[Information supplied]:
____________________
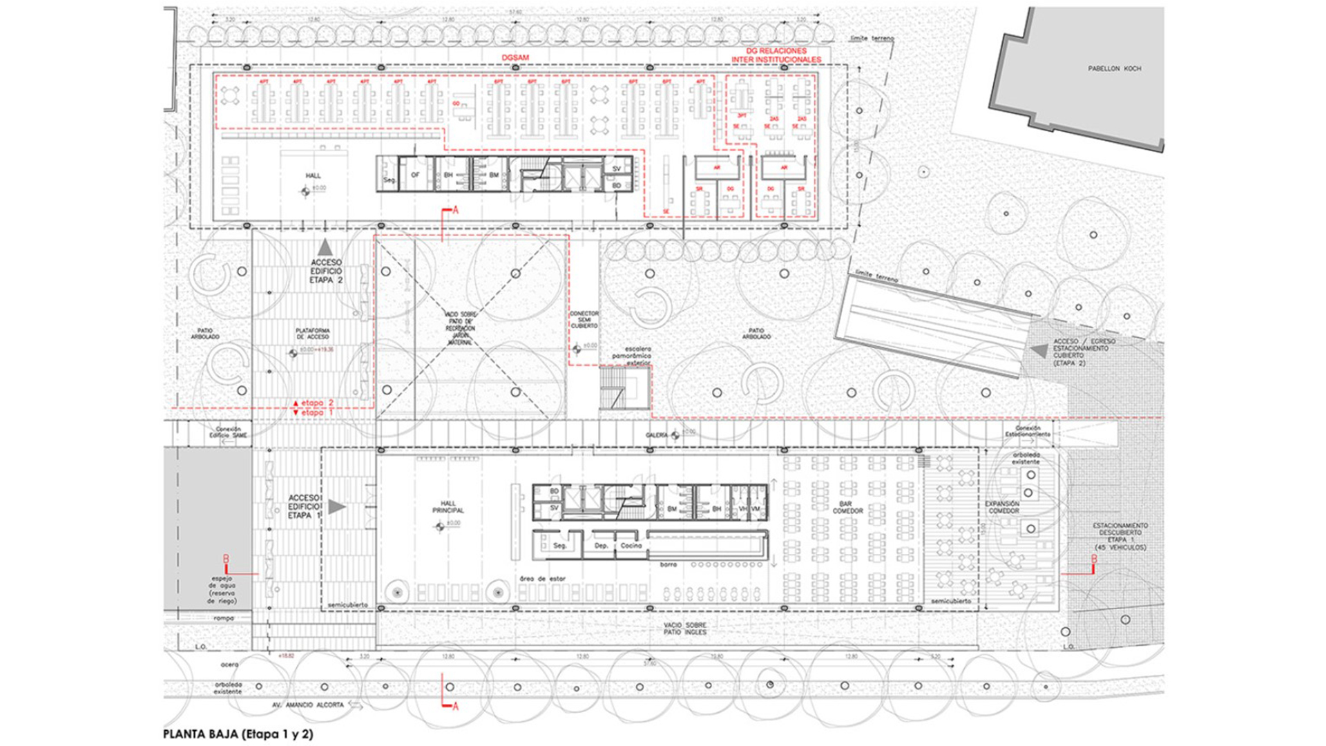 retiro hacia el Pabellón Koch. El Edificio 1 se dispone en el volumen hacia la
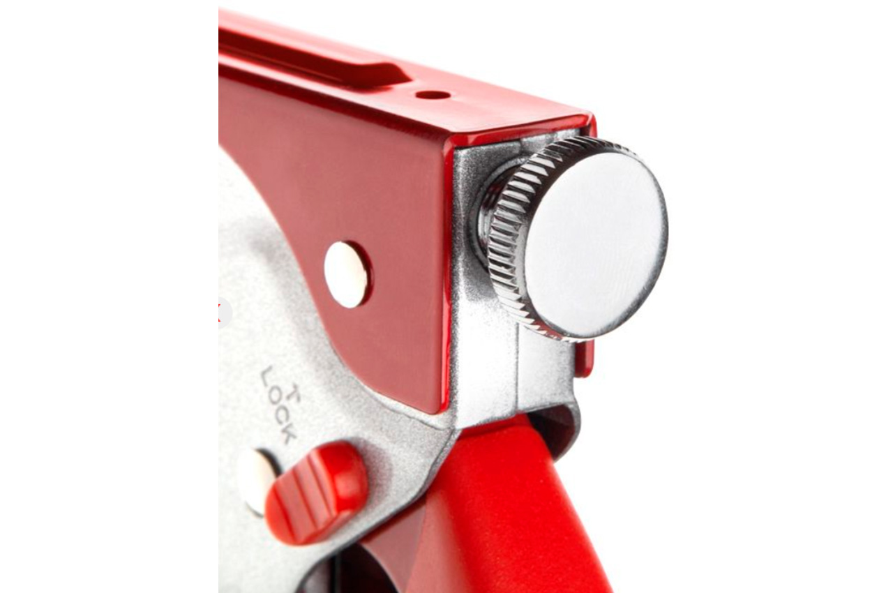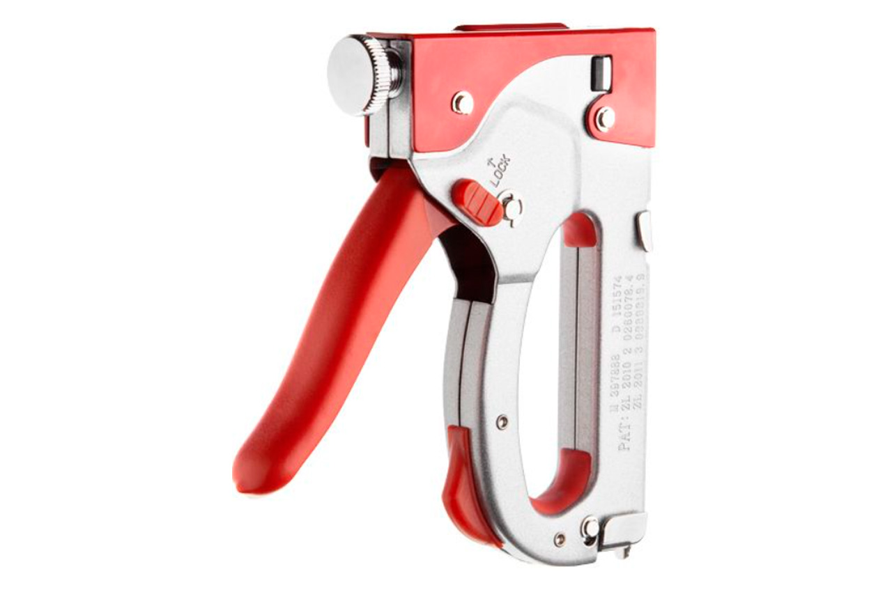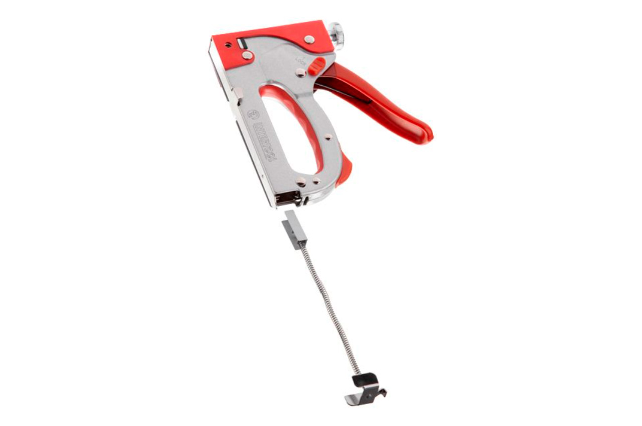 Механічний скобозабивні пістолет. Степлер повністю виготовлений з металу, що значно збільшує термін служби інструменту. Зручна рифлена рукоять забезпечує комфортну роботу. Оснащений зручним гвинтом, що регулює силу удару. Металева скоба-запобіжник фіксує рукоятку поза роботою. Степлер може працювати зі скобами 11,3 * 4-14 мм і перетином 0,7 мм. Висота скоби: 4-14 мм; Ширина скоби: 11.3 мм; Перетин скоби: 0.7 мм; Покриття рукоятки: гума
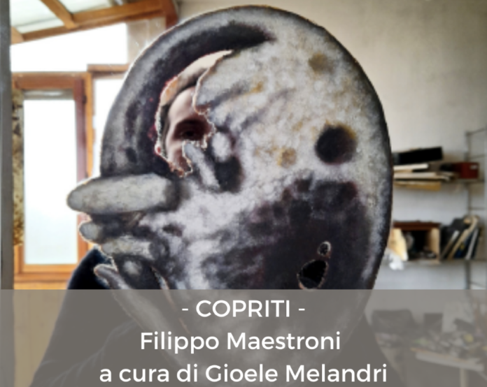 “Copriti nasce come metamorfosi del mio precedente percorso, “organi rocciosi” che cercava di rappresentare, attraverso la pittura su tela, la fragilità dei nostri corpi e delle nostre anime, prendendo organi del corpo umano e tramutandoli in viscere ossificate, calcificate, rocciose; la superficie impenetrabile però solcata da crepe e voragini da cui scaturiscono le nostre fragilità e le nostre insicurezze.
____________________
[What to do]:
Restate the material above word for word; pictures do not belong in the copy.

[Final answer]:
 retiro hacia el Pabellón Koch. El Edificio 1 se dispone en el volumen hacia la
 Механічний скобозабивні пістолет. Степлер повністю виготовлений з металу, що значно збільшує термін служби інструменту. Зручна рифлена рукоять забезпечує комфортну роботу. Оснащений зручним гвинтом, що регулює силу удару. Металева скоба-запобіжник фіксує рукоятку поза роботою. Степлер може працювати зі скобами 11,3 * 4-14 мм і перетином 0,7 мм. Висота скоби: 4-14 мм; Ширина скоби: 11.3 мм; Перетин скоби: 0.7 мм; Покриття рукоятки: гума
 “Copriti nasce come metamorfosi del mio precedente percorso, “organi rocciosi” che cercava di rappresentare, attraverso la pittura su tela, la fragilità dei nostri corpi e delle nostre anime, prendendo organi del corpo umano e tramutandoli in viscere ossificate, calcificate, rocciose; la superficie impenetrabile però solcata da crepe e voragini da cui scaturiscono le nostre fragilità e le nostre insicurezze.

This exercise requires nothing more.